§ Input data
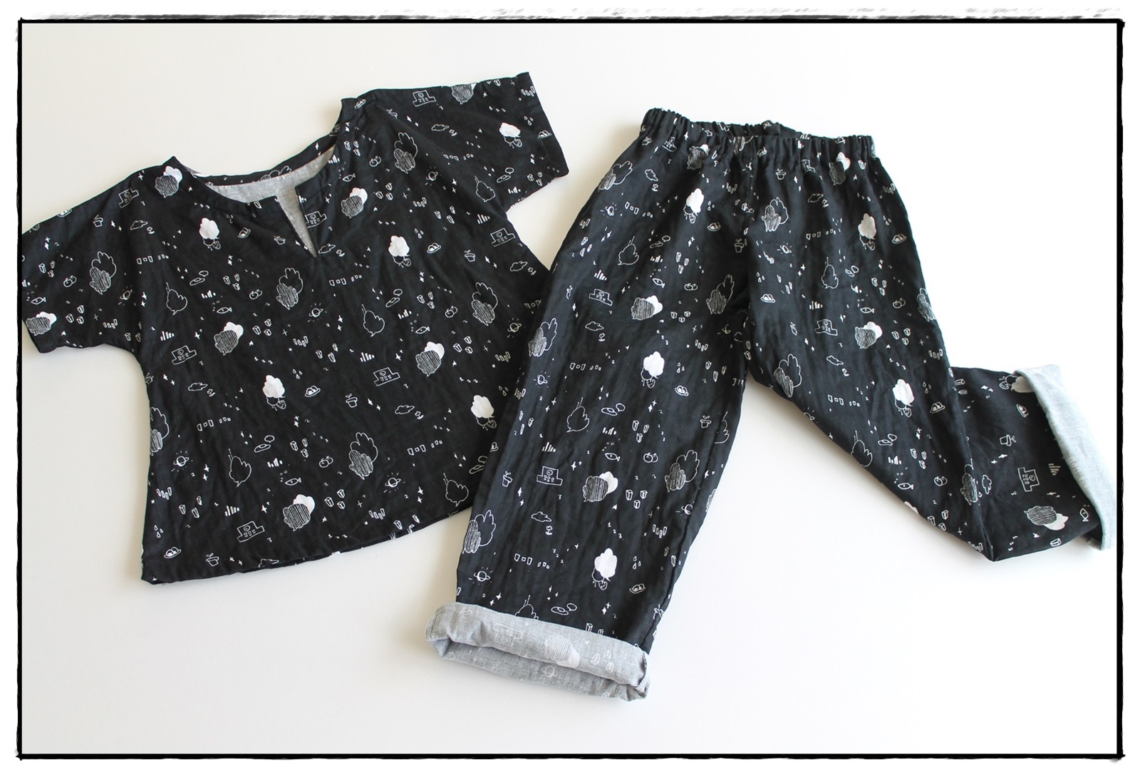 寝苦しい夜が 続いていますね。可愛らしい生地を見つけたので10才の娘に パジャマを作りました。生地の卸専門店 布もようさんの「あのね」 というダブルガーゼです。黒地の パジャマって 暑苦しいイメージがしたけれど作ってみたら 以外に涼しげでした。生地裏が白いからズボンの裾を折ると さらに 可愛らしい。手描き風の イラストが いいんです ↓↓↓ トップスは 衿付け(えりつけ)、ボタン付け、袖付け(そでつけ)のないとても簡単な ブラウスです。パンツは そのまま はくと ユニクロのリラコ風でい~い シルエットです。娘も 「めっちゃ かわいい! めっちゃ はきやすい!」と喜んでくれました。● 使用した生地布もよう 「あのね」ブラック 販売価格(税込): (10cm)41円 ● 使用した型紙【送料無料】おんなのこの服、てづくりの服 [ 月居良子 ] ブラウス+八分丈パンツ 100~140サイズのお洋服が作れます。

---

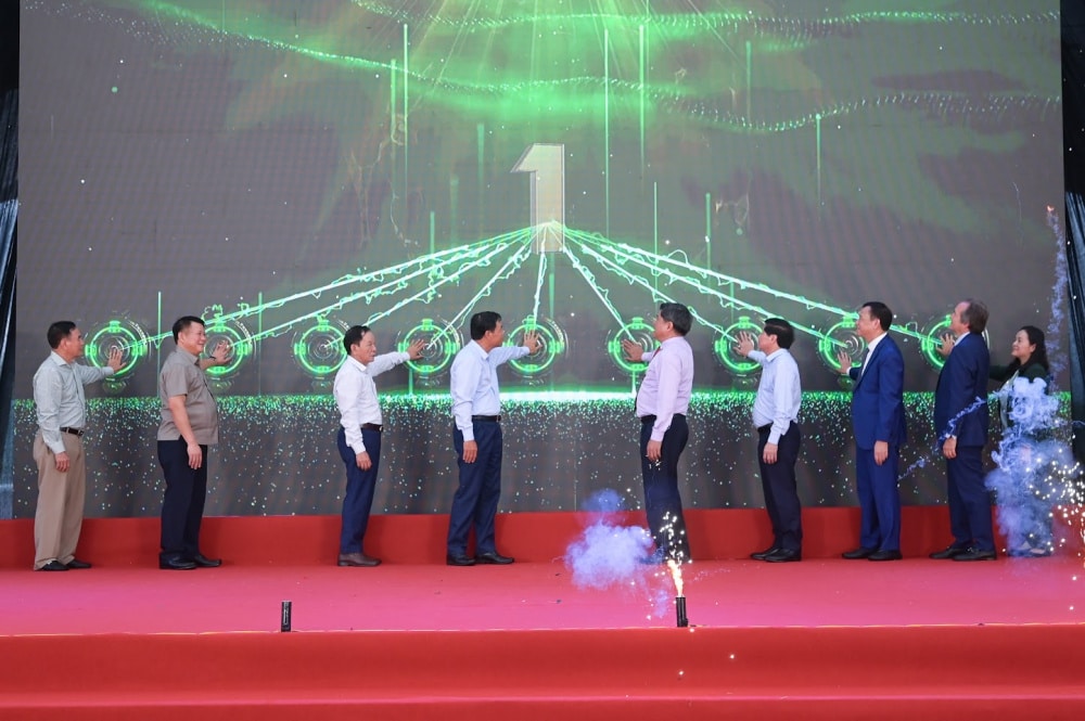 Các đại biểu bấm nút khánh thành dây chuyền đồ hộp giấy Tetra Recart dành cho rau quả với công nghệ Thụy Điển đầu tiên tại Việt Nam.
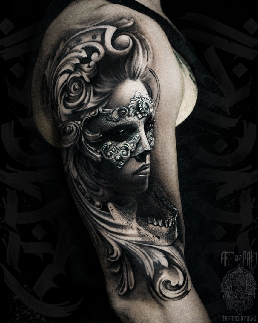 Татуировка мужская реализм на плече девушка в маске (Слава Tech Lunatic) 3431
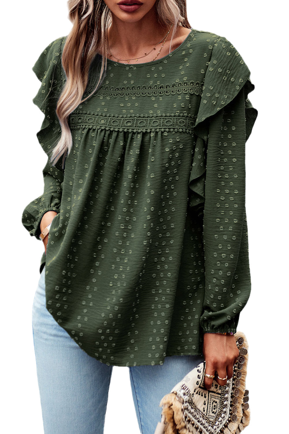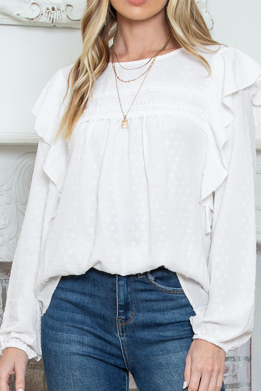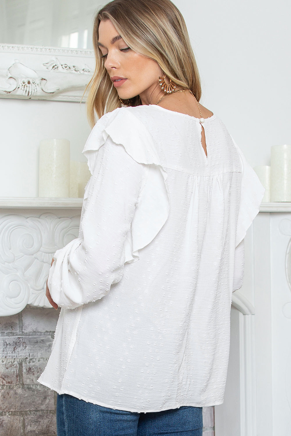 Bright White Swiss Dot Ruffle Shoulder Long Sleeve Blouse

--

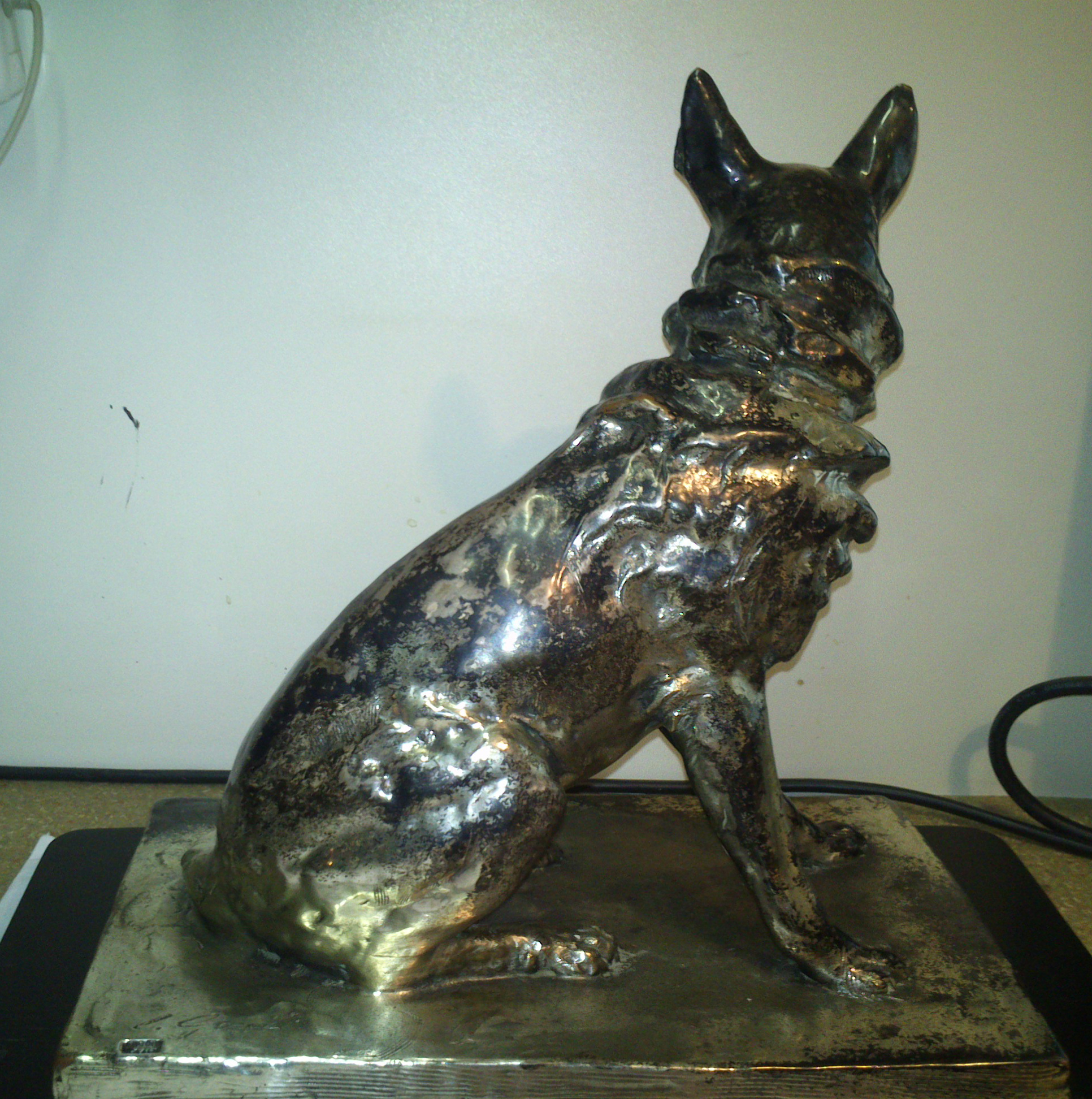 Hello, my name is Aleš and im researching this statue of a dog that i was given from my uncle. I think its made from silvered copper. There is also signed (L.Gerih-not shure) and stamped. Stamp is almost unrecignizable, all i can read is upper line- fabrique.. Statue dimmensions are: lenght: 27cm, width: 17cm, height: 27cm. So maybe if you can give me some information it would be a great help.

§ Work instruction
Among the entries above, take the lines from the one with "Các đại biểu" through the one with "Bright White Swiss" and retype them exactly, leaving out the pictures.

§ Written solution
 Các đại biểu bấm nút khánh thành dây chuyền đồ hộp giấy Tetra Recart dành cho rau quả với công nghệ Thụy Điển đầu tiên tại Việt Nam.
 Татуировка мужская реализм на плече девушка в маске (Слава Tech Lunatic) 3431
 Bright White Swiss Dot Ruffle Shoulder Long Sleeve Blouse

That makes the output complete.